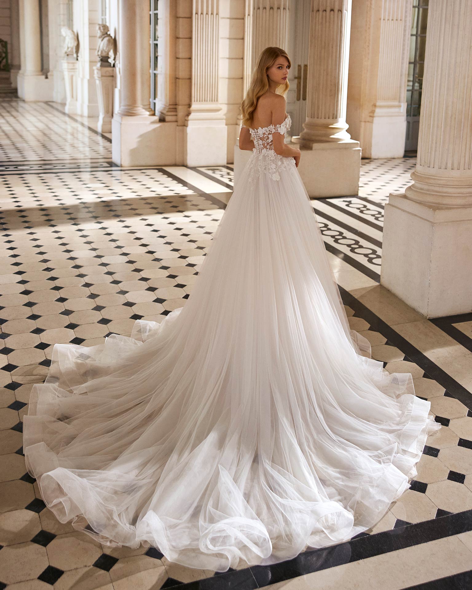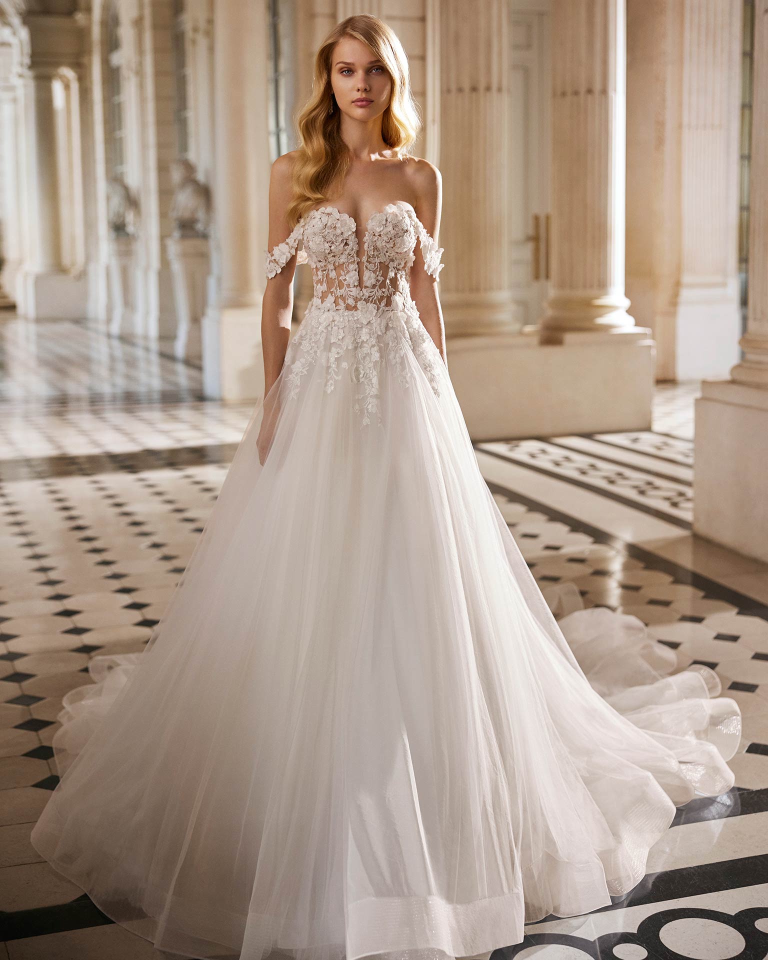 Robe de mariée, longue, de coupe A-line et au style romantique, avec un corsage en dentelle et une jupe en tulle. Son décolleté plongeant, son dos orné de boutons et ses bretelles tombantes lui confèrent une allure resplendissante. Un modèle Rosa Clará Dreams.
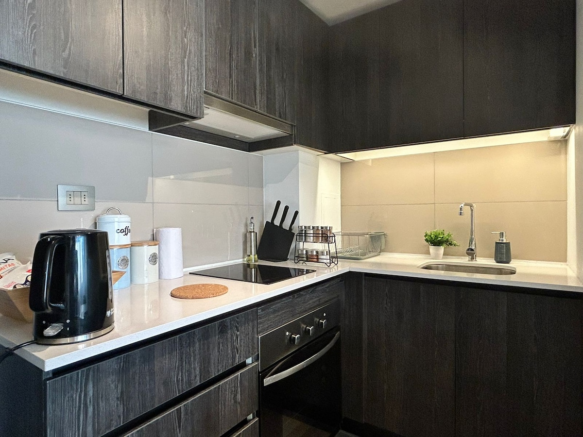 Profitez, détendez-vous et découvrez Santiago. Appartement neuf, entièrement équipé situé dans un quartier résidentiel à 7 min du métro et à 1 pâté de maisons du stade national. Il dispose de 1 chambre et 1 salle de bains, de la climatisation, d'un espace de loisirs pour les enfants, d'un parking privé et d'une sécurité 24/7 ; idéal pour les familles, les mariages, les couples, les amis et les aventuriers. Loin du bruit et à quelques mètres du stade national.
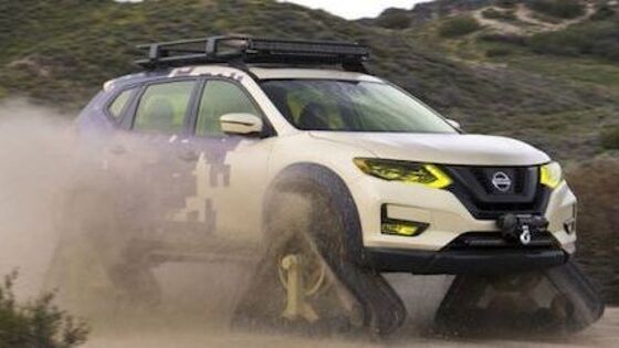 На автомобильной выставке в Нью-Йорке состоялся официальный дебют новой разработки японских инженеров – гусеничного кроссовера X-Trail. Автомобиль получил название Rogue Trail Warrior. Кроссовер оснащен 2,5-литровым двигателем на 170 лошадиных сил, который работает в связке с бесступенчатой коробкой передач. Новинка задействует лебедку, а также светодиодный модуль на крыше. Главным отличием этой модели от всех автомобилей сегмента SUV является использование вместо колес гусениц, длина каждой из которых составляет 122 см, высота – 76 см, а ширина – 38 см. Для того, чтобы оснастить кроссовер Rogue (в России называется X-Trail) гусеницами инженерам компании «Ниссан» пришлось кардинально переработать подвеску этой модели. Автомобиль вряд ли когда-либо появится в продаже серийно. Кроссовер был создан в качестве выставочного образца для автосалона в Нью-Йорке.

What is required: Exclude every image and return the material above exactly.

Solution for this exercise:
 Robe de mariée, longue, de coupe A-line et au style romantique, avec un corsage en dentelle et une jupe en tulle. Son décolleté plongeant, son dos orné de boutons et ses bretelles tombantes lui confèrent une allure resplendissante. Un modèle Rosa Clará Dreams.
 Profitez, détendez-vous et découvrez Santiago. Appartement neuf, entièrement équipé situé dans un quartier résidentiel à 7 min du métro et à 1 pâté de maisons du stade national. Il dispose de 1 chambre et 1 salle de bains, de la climatisation, d'un espace de loisirs pour les enfants, d'un parking privé et d'une sécurité 24/7 ; idéal pour les familles, les mariages, les couples, les amis et les aventuriers. Loin du bruit et à quelques mètres du stade national.
 На автомобильной выставке в Нью-Йорке состоялся официальный дебют новой разработки японских инженеров – гусеничного кроссовера X-Trail. Автомобиль получил название Rogue Trail Warrior. Кроссовер оснащен 2,5-литровым двигателем на 170 лошадиных сил, который работает в связке с бесступенчатой коробкой передач. Новинка задействует лебедку, а также светодиодный модуль на крыше. Главным отличием этой модели от всех автомобилей сегмента SUV является использование вместо колес гусениц, длина каждой из которых составляет 122 см, высота – 76 см, а ширина – 38 см. Для того, чтобы оснастить кроссовер Rogue (в России называется X-Trail) гусеницами инженерам компании «Ниссан» пришлось кардинально переработать подвеску этой модели. Автомобиль вряд ли когда-либо появится в продаже серийно. Кроссовер был создан в качестве выставочного образца для автосалона в Нью-Йорке.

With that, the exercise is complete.